I am solving a recurrence using repeated substitution method and I am almost done but it seems to me that I need some additional work to finish correctly. I am including an image of my work because typing would be very time-consuming. I will appreciate your feedback.

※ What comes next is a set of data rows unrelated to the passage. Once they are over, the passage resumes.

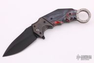 I specialize in large tactical flipper folders. I hand grind every knife blade free hand on hollow grinding wheels of various sizes. My handles are profiled shaped and contoured by hand on the belt sander. My custom pocket clips are hand ground from thick titanium which I designed to ride low in your pocket because I wanted my knives to have a secure fit when being carried. When I design my knives I use straight lines with a futuristic look using high tech materials such as: Lightning strike carbon fiber, titanium, G10 and powdered steels.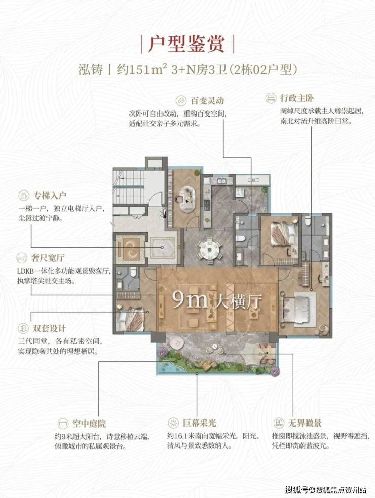 其三,3栋户型为升级版建面约151㎡3+N房,双套间布局,南北通透,3.15米层高,使用率约117%,对空间灵活性和可持续性有着极致追求!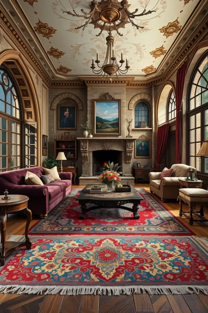 Any Castlecore living room is incomplete without elaborate carpets. I am in love with them as they are so helpful in the definition of spaces, acoustical softening, and the introduction of color and texture layers. They are particularly valuable in rooms that have stone or wooden floors as they add warmth to the feet.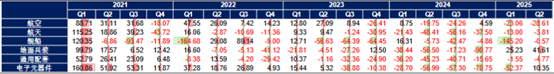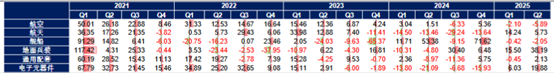 从细分下游看,收入端25Q2通用配套同比增速转正,电子元器件、地面兵装同比增速大幅提高,航天同比增速回落,航空、舰船同比仍然下跌。
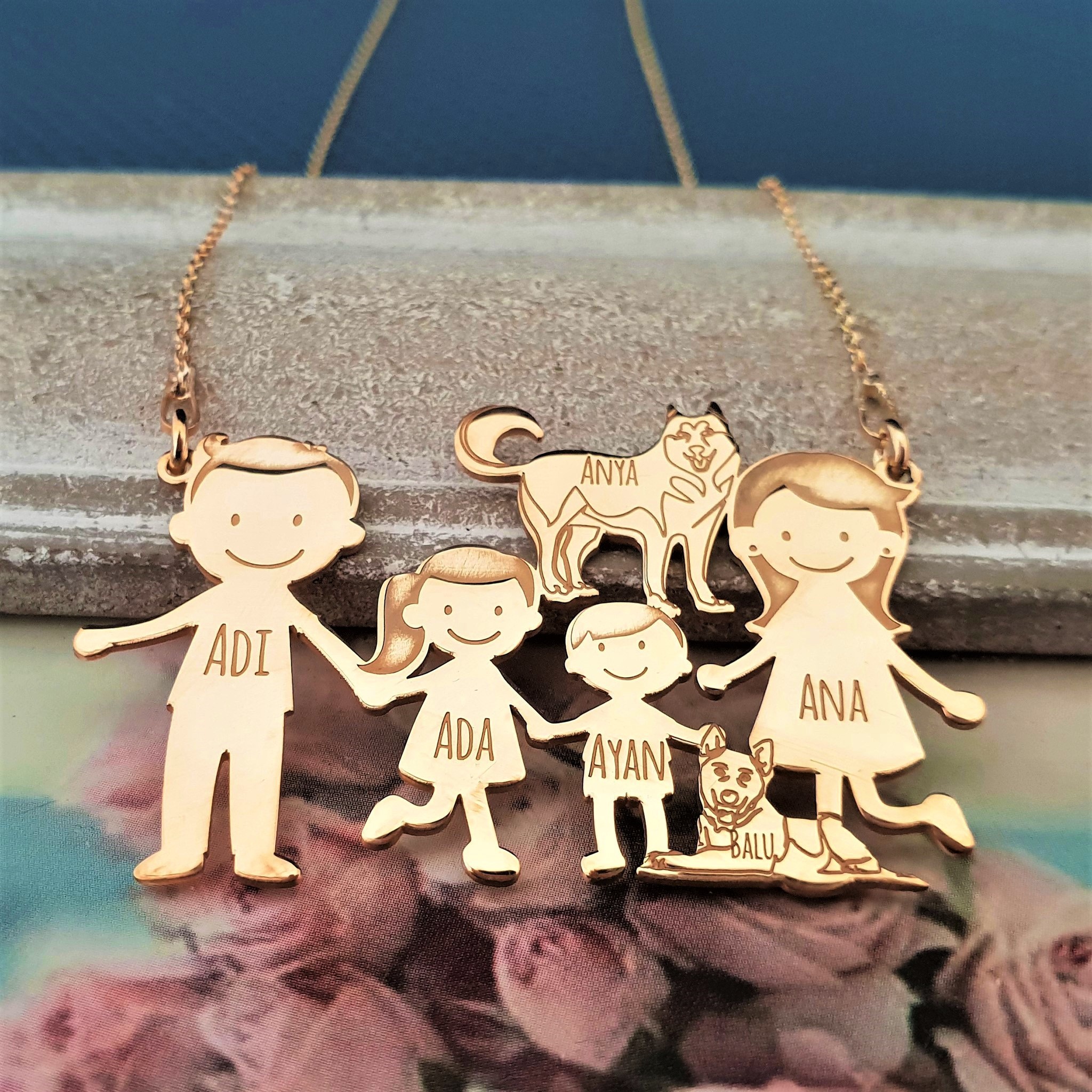 Lantisor Familie - 6 Membri cu 2 Husky - Argint 925 placat cu Aur 18K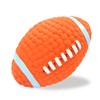 - Our squeaky football dog toy is equipped with a firmly built-in squeaker that emits a pleasant squeak whenever chewed. The sound immediately capture your dog's attention and keep them entertained for hours independently. Safety is of our top priority, allow your furry friends to play with complete confidence.
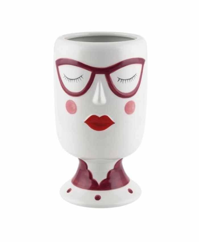 Vaso testa viso donna forma allungata con occhiali bordeaux e gote rosse altezza cm 21

I can see that the problem says that $n = 2^k$ so $k = log_{2}n$ so I can replace every $k$ by $log_{2}n$
Question:
$T(n) = 4T(\frac{n} {2})+n ,\hspace{0.5cm} if \hspace{0.5cm}n \geq 2 $
$\hspace{1.0cm} = 1 ,\hspace{2.2cm} if \hspace{0.5cm}n = 1 $
Solution by substitution method:
Generalized form:
$T(n) = 4^kT(\frac{n} {2^k})+n\sum_{n=1}^{k-1}2^i$
Until here you are good, but after this we can further simplify as below:
$\sum_{n=1}^{k-1}2^i$ is a finite geometric progression(GP), thus we use the formula:
$S_n=\frac{a_1(1-r^n)} {1-r} \hspace{0.5cm} when \hspace{0.5cm} r\neq1$
$S_n$ = sum of GP with n terms
$a_1$ = the first term
r = common ratio
n = number of terms
$T(n) = 4^kT(\frac{n} {2^k})+n(2^{k-1}-1)$
put $\frac{n} {2^k}= 1$ ie., $k=\log_2 n$
$T(n) = 1 ,\hspace{2.2cm} if \hspace{0.5cm}n = 1 $
$T(n) = 4^{\log_2 n}T(1)+n(\frac{n} {2}-1)$
$T(n) = n^{\log_2 4}+n(\frac{n} {2}-1)$
$T(n) = n^2+\frac{n^2} {2}-n$
Thus, $T(n)=O(n^2)$
This is the guess & proof method as explained over at our reference question. You have a guess, now prove it correct! The canonical choice would be an inductive proof.
Can you provide some guidance?
– JORGE Oct 19 '16 at 14:53